Microsoft Excel 2010 : Removing Duplicates, Consolidating Data

Removing Duplicates

After a cell is selected in the dataset, remove the doubles can be found under data, tools of data, removes doubles, or if the whole of data is a table, under tools of Table, design, tools, remove doubles.

The tool removes in a permanent way of the data of a table based on the columns chosen in the dialog of doubles of elimination. Unlike other filters, it does not hide simply the lines. For this reason, you can want to copy the data before removing the doubles.
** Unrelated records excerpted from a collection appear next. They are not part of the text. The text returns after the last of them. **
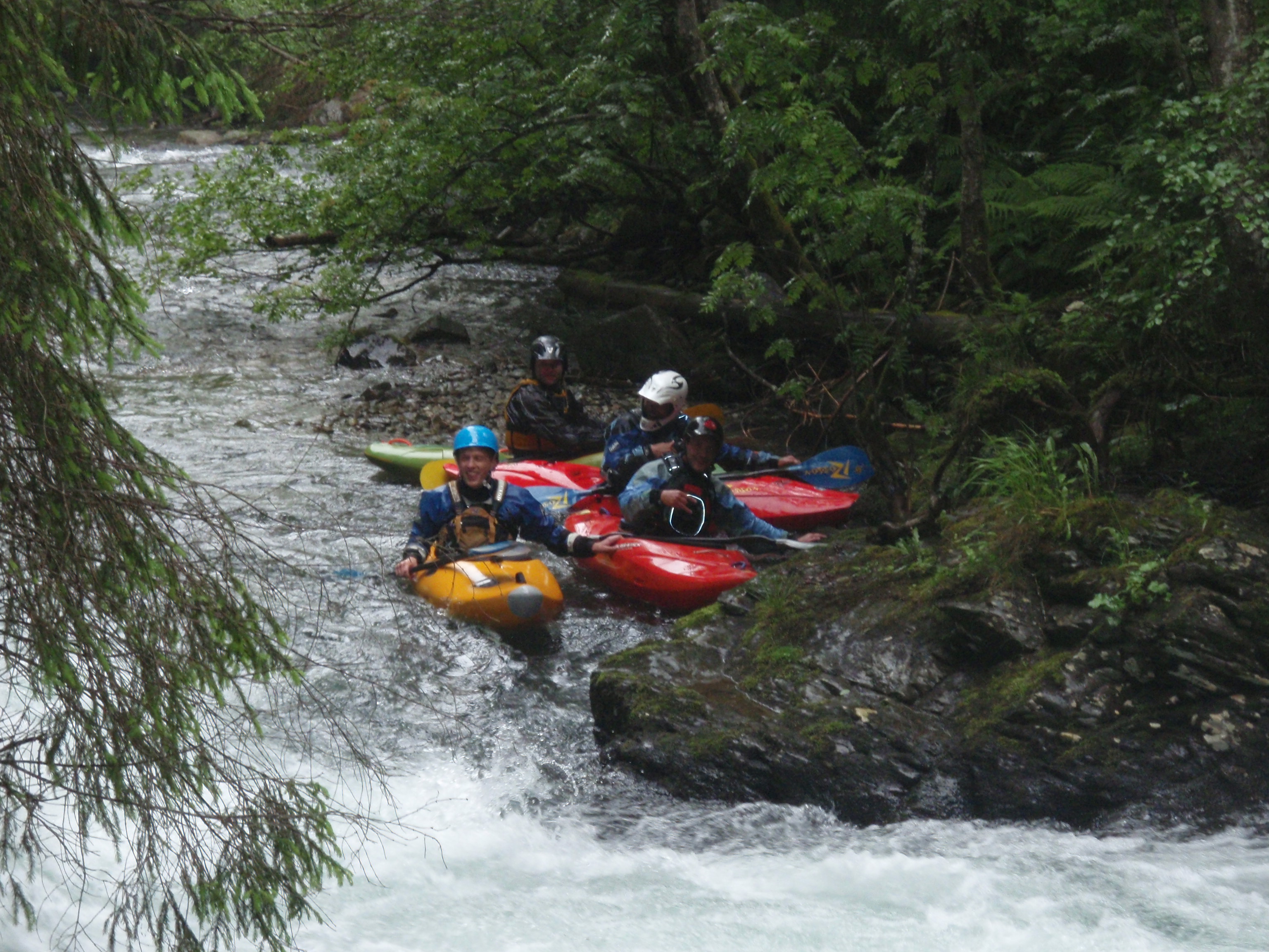 Am Sonntag stand dann noch die kleine Sölk auf dem Plan, allerdings sollte man nicht erst an der Pegelbrücke einsteigen sondern mindestens 1,5km flussaufwärts. Leider wussten wir das nicht und paddelten deshalb leicht wellig mit wenigen Kehrwassern und ohne besondere Vorkommnisse bis zum Stausee.
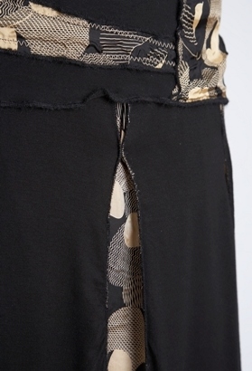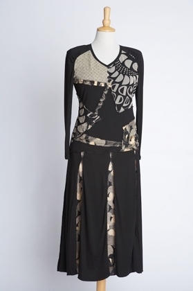 Black/cream two piece Black jersey top with cream/black fabric inserts and panelled black jersey skirt with cream/black inserts at the front. |
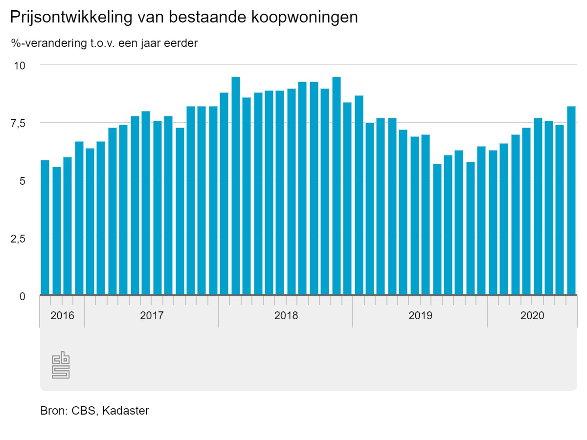 Van verkoeling op de woningmarkt is nog geen sprake, gezien de cijfers van het Kadaster over augustus. In die maand waren bestaande koopwoningen 8,2 duurder dan in dezelfde maand een jaar eerder. Het gaat om de grootste stijging in ruim anderhalf jaar. Wel daalde het aantal verkopen licht. Â
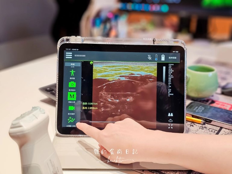 何醫師使用臉部專用超音波來確認下巴的肉肉脂肪厚度。
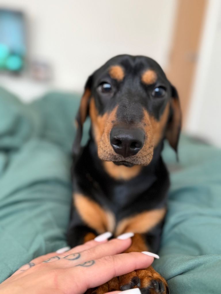 She is 12 weeks old, female, and black & tan in colour. She has a playful, affectionate nature and absolutely loves cuddles, as well as spending time exploring and playing.
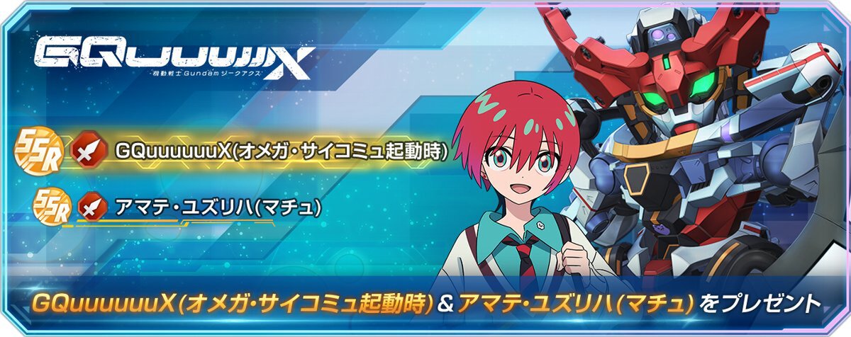 「機動戦士Gundam GQuuuuuuX(ジークアクス)」より、SSR「GQuuuuuuX (オメガ・サイコミュ起動時)」、SSR「アマテ・ユズリハ(マチュ)」を全員にプレゼント!
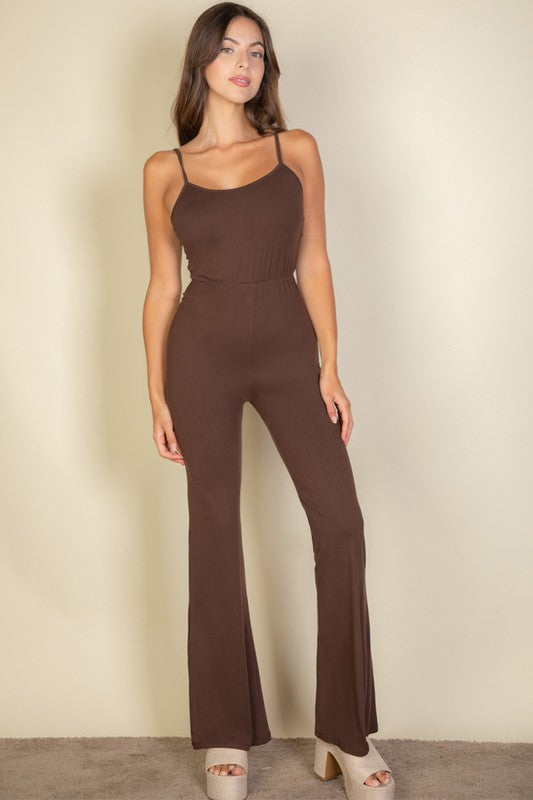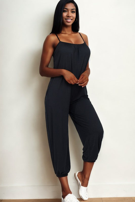 Solid Ribbed Slit Neckline Sleeveless Romper

Removing Duplicates from a Dataset

To remove duplicates from a dataset, follow these steps:

Select a cell in the dataset.

Go to Data, Data Tools, Remove Duplicates.

Excel will highlight the dataset. If columns are missing in the selection, go back and make sure there are no blank separating columns.

From the Remove Duplicates dialog, make sure My Data Has Headers is selected if the dataset has headers.

By default, all the columns are selected. A selected column means the tool will use the columns when looking for duplicates. Duplicates in an unselected column will be ignored. Select the columns to search for duplicates.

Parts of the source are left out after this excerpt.